Apparently, Biever takes such an extreme interest in the case that this civil servant can, the day after the Action Group’s press release (and on the same day it appeared in the Luxembourg media) answer with authority and full certainty. The Prosecutor’s statements raise some questions. How can the State Prosecutor say this is an “extremely favourable settlement”? What makes it favourable? According to my information, it’s indeed not the case that most have paid. How does the Prosecutor know how many have accepted the administrator’s offer? Where did the Prosecutor get that information? If that information came from the administrator, did the Prosecutor verify the numbers?

Since the high office of the Luxembourg State Prosecutor takes such an interest in this case there is perhaps hope that Biever’s curiosity is now sufficiently aroused for him to take a further look at what really happened in Landsbanki Luxembourg in terms of unsound business practice and improper use of funds. I can’t think of any European country where a State Prosecutor would wade into a case of this kind to make a comment.
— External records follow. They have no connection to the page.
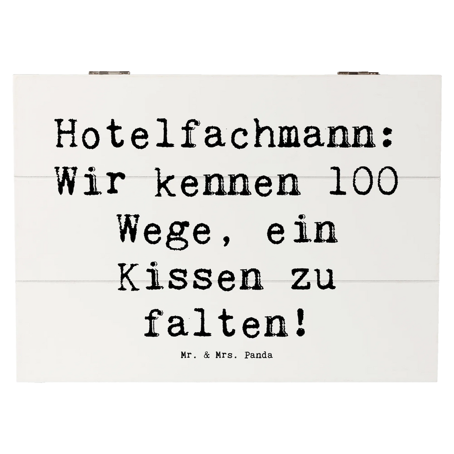 Die Holzkiste Hotelfachmann von Mr. & Mrs. Panda ist der perfekte Begleiter für alle Hotelfachleute und die, die es werden wollen! Mit dem charmanten Spruch "Hotelfachmann: Wir kennen 100 Wege, ein Kissen zu falten!" wird diese Kiste zum individuellen Aufbewahrungsort für Erinnerungen, kleine Schätze und besondere Andenken.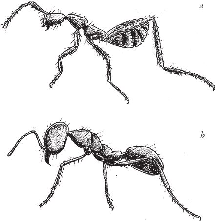 Рис. 1.2. Неслучайное, хотя и не запланированное, сходство. Жук, который мимикрировал под муравья, Labidus praedator (а) и муравей, Mimeciton Antennatum (b).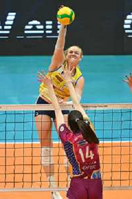 © TVRG Kathryn Rose Plummer (Conegliano) SX e Magdalena Stysiak (Monza) DX Vero Volley Monza vs Antonio Carraro Imoco Volley Conegliano CEV Champions League - quarti di finale gara di andata Monza 09-03-2022 Arena di Monza foto Roberto Garavaglia/ag. Aldo Liverani sas/AGENZIA ALDO LIVERANI SAS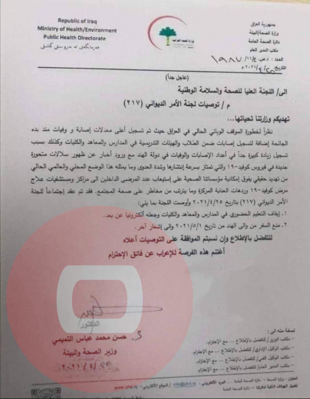 وتبين الوثيقة المنشورة في ادناه والمرسلة بتاريخ 25 نيسان، تقديم طلب بتعليق الدوام الحضوري وجعله الكترونيا عن بعد، خوفا من تفشي السلالة الهندية الخطرة.

If his comment is made to come to the rescue of the administrator, the functioning of the Luxembourg justice system is light years from the justice system in its neighbouring countries.

Luxembourg makes a good living by being a financial centre. No doubt, its authorities want to emphasis, just like Mme Hamilius does in her interview, that in the little country investment is safe. International creditors should rest assured that no matter what, they will get their money back. This credo seems so important that the State Prosecutor sees it as his role to back up a bank administrator under pressure.

There is indeed a lot to defend in Luxembourg. Monday night (May 14) the BBC programme, Panorama, will “reveal how major UK-based firms cut secret tax deals with authorities in Luxembourg to avoid paying corporation tax in Britain.”  – Possibly another worthy case for the Luxembourg State Prosecutor.

*Suite à l’introduction d’une procédure pénale en France contre Landsbanki Luxembourg et à sa mise en examen le 24 novembre 2011 pour escroquerie par le juge d’instruction parisien Van Ruymbeke, le liquidateur sans pour autant reconnaître le bien fondé des poursuites, a proposé aux emprunteurs des transactions extrêmement favorables aux termes desquelles ceux-ci ne remboursent plus que le capital à eux remis pour leur usage personnel, à l’exclusion des fonds destinés aux investissements. Bon nombre de débiteurs ont d’ailleurs déjà accepté cette proposition et les transactions sont en cours de formalisation. Toutefois un nombre infime d’emprunteurs s’oppose à tout remboursement des fonds reçus et essaye de se soustraire à ses obligations par tous moyens. Ce sont ces mêmes personnes qui sont à l’origine du communiqué de presse du 7 mai 2012.”